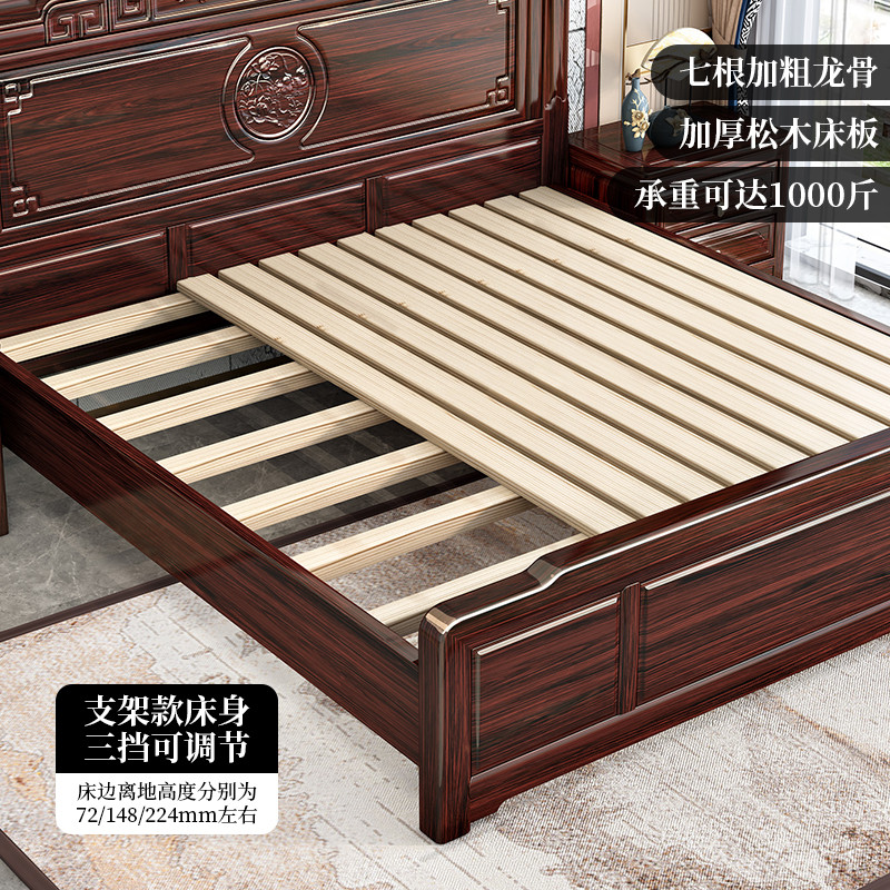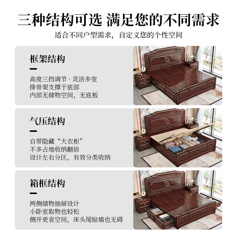 新中式 红木床家用卧室实木双人床古典高端酸枝木大床复古储物家具
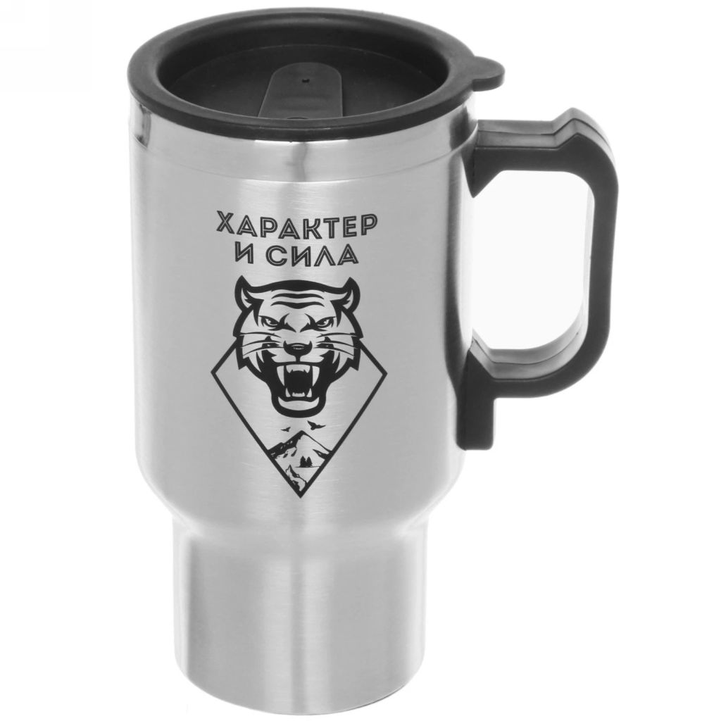 • Термокружка 450мл, с подогревом от прикуривателя "Характер и Сила" Тигр Серп и молот
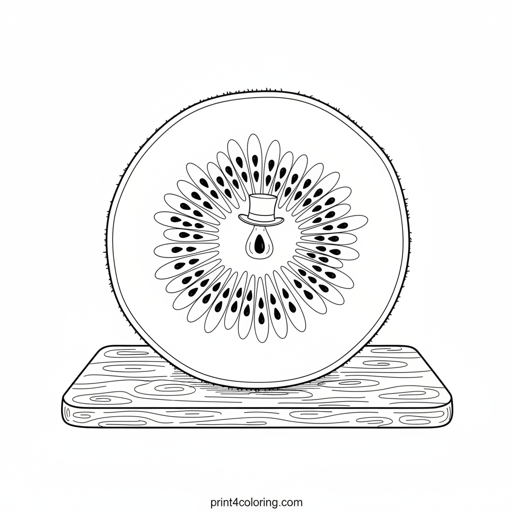 Get ready to color a super close-up of a perfectly sliced kiwi, showing off all its amazing patterns and tiny seeds! Look closely to find the most charming detail: one little seed is wearing a tiny, fancy top hat, making this kiwi truly a gentleman. A delightful still life for expert colorists!
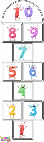 Kolorystyka: biała mata z nadrukiem cyferek w różnych kolorach od 1 do 10
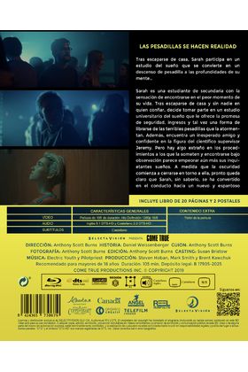 Sarah es una estudiante de secundaria con la sensación de encontrarse en el peor momento de su vida. Tras escaparse de casa y sin nadie en quien confiar, decide tomar parte en un estudio universitario del sueño que le ofrece la promesa de seguridad, ingresos y tal vez una forma de librarse de las terribles pesadillas que la atormentan. Además, encuentra un inesperado amigo y confidente en la figura del científico supervisor Jeremy. Pero hay algo extraño en los procedimientos a los que la someten y encontrarse bajo observación parece empeorar aún más sus inquietantes sueños. A medida que la oscuridad comienza a cerrarse en torno a ella, pronto queda claro que Sarah, sin saberlo, se ha convertido en el conducto hacia un nuevo y espantoso descubrimiento
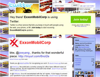Hace unos meses trascendió la noticia de que una joven se dió de alta en Twitter con el nombre de usuario http://twitter.com/ExxonMobilCorp cuando ya le seguían unas 300 personas pensando que se trataba de Exxon Mobil fue demandada por utilizar logotipo e imágenes con propiedad intelectual de la petrolera. Ahora esa cuenta ya no está operativa.

——————————

== Task prompt ==
Write out the records exactly. Do not carry the pictures over.

== Task answer ==
 新中式 红木床家用卧室实木双人床古典高端酸枝木大床复古储物家具
 • Термокружка 450мл, с подогревом от прикуривателя "Характер и Сила" Тигр Серп и молот
 Get ready to color a super close-up of a perfectly sliced kiwi, showing off all its amazing patterns and tiny seeds! Look closely to find the most charming detail: one little seed is wearing a tiny, fancy top hat, making this kiwi truly a gentleman. A delightful still life for expert colorists!
 Kolorystyka: biała mata z nadrukiem cyferek w różnych kolorach od 1 do 10
 Sarah es una estudiante de secundaria con la sensación de encontrarse en el peor momento de su vida. Tras escaparse de casa y sin nadie en quien confiar, decide tomar parte en un estudio universitario del sueño que le ofrece la promesa de seguridad, ingresos y tal vez una forma de librarse de las terribles pesadillas que la atormentan. Además, encuentra un inesperado amigo y confidente en la figura del científico supervisor Jeremy. Pero hay algo extraño en los procedimientos a los que la someten y encontrarse bajo observación parece empeorar aún más sus inquietantes sueños. A medida que la oscuridad comienza a cerrarse en torno a ella, pronto queda claro que Sarah, sin saberlo, se ha convertido en el conducto hacia un nuevo y espantoso descubrimiento
Hace unos meses trascendió la noticia de que una joven se dió de alta en Twitter con el nombre de usuario http://twitter.com/ExxonMobilCorp cuando ya le seguían unas 300 personas pensando que se trataba de Exxon Mobil fue demandada por utilizar logotipo e imágenes con propiedad intelectual de la petrolera. Ahora esa cuenta ya no está operativa.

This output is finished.